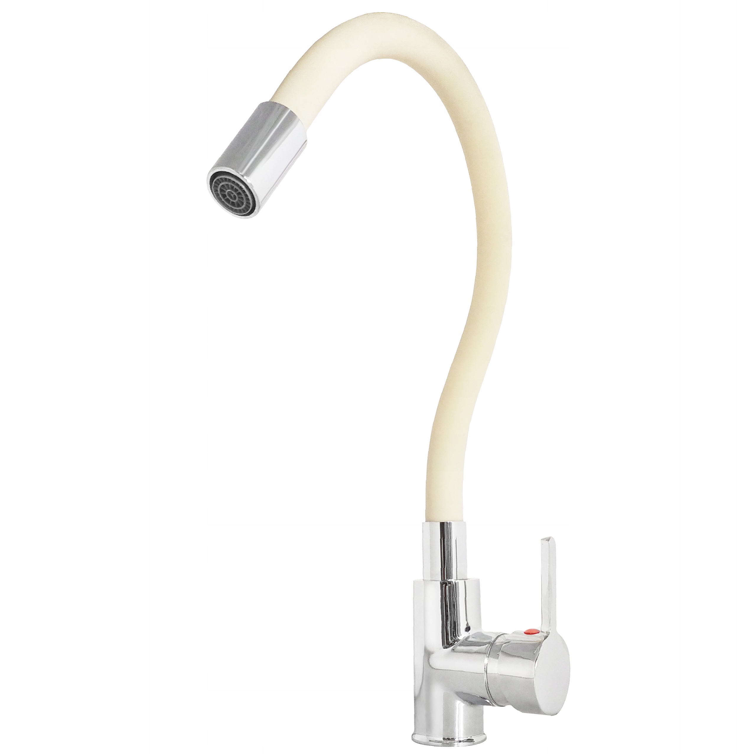 Хромированный массивный кран с гибким изливом бежевого цвета, запоминающим форму. Шланг легко выдерживает вес даже интенсивного потока.
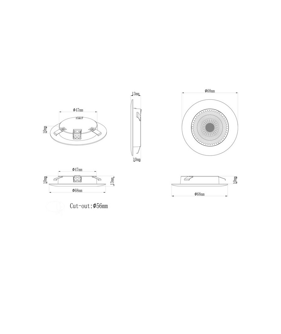 Enkel montering: Designet med lav profil og mulighet for å passe inn i standard Ø55 hull, er denne spotten perfekt for å bygge inn i både nye og eksisterende installasjoner i skap og møbler.
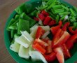 Spalam si curatam ardeii de seminte si cotoare, apoi ii taiem in cuburi cam de 2cm. La fel portionam si pieptul de pui. Ceapa spalata , o feliem. Morcovul si telina, dupa ce le-am curatat si spalat, le taiem in forma de betisoare subtiri.

=====

Write out the material above again, word for word, minus its pictures.

 Хромированный массивный кран с гибким изливом бежевого цвета, запоминающим форму. Шланг легко выдерживает вес даже интенсивного потока.
 Enkel montering: Designet med lav profil og mulighet for å passe inn i standard Ø55 hull, er denne spotten perfekt for å bygge inn i både nye og eksisterende installasjoner i skap og møbler.
 Spalam si curatam ardeii de seminte si cotoare, apoi ii taiem in cuburi cam de 2cm. La fel portionam si pieptul de pui. Ceapa spalata , o feliem. Morcovul si telina, dupa ce le-am curatat si spalat, le taiem in forma de betisoare subtiri.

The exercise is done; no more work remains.